• HOW TO COMPLETE THIS TASK: Please work out how many lines in the records below include the word "寄宿住房", and reply with that number only.

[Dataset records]
════════════════════

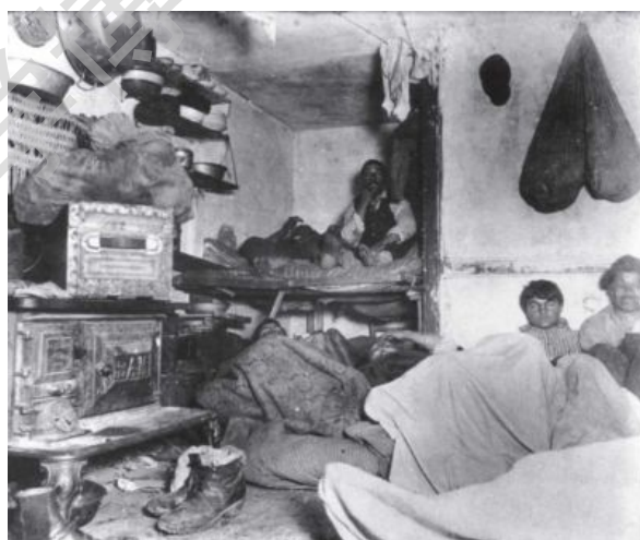
图1. 1889年意大利移民拥挤在纽约一间“寄宿住房”内。 ②

国私有制已经成熟，土地被看作为最主要的私人财产。政府的基本职能是保护私人财产，包括私人拥有的土地，因此政府对土地的使用不加干预，城市开发活动几乎完全在私人手里，其后果是房地产商人趁机大肆进行投机活动，从中牟取暴利。他们或者把所占有的地皮划成小块待价而沽，或者兴建简陋住宅，而地价飞涨，房租提高，促使那些“惟利是图的房主”为了获取更高的利润，一再分割本已十分狭小的房间，“用尽各种手段，尽其所能地把最多的人口塞进最小的空间里”，因此，“从地下室到阁楼，从门厅到盥洗室，在所有可资利用的地方”，都立即住满了房客。即使如此，还是不能满足人们对住宅的需求。当时，一种十分简易的“寄宿住房”（boarding house）一时兴盛起来。据沃尔特·惠特曼于1856年的估计，纽约大概有7/10的住宅为寄宿住房，即使那些社会的中上阶层，也有3/4生活在寄宿住房中。在大城市里，客户们要立即找到“私有、体面、经济”的住宅几乎是不可能的。当时的一位作家写道：“就像死亡一样，没有哪一个阶层能够逃避……这种如此普遍的陋屋。” ① 虽然许多社会工作者和慈善家不断努力改善城市住宅条件，但他们不得不在一次又一次移民浪潮和房荒的冲击下节节败退。
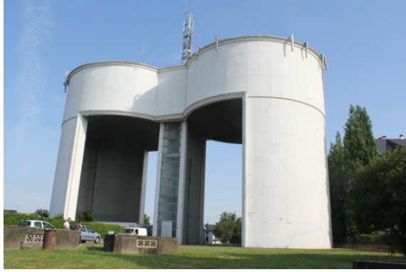
Le château d'eau du Moulin du Pé.
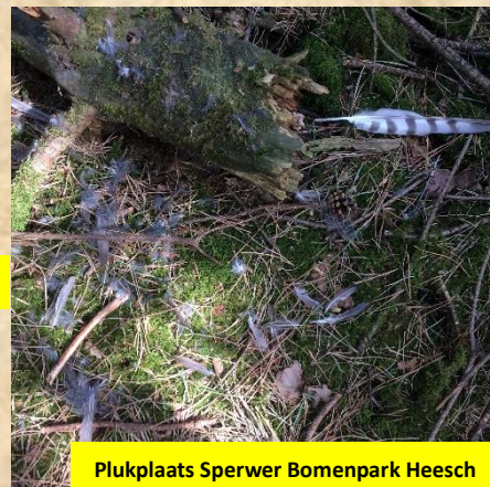
Plukplaats Sperwer Bomenpark Heesch
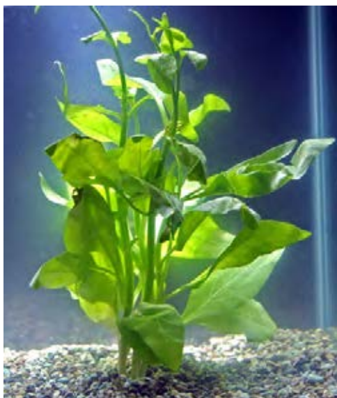
Habitus mit ganzrandigen Blättern

Beseitigungs-/Kontrollmaßnahmen: Ausreißen, Mahd, Trockenfallenlassen.
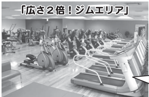
「広さ2倍!ジムエリア」

新施設のご紹介♪ 筋力系マシン12台⇒18台 有酸素運動系マシン15台⇒28台へ増大! 広い空間でゆったりと運動できます♪

════════════════════

• RESPONSE TO THIS TASK: 2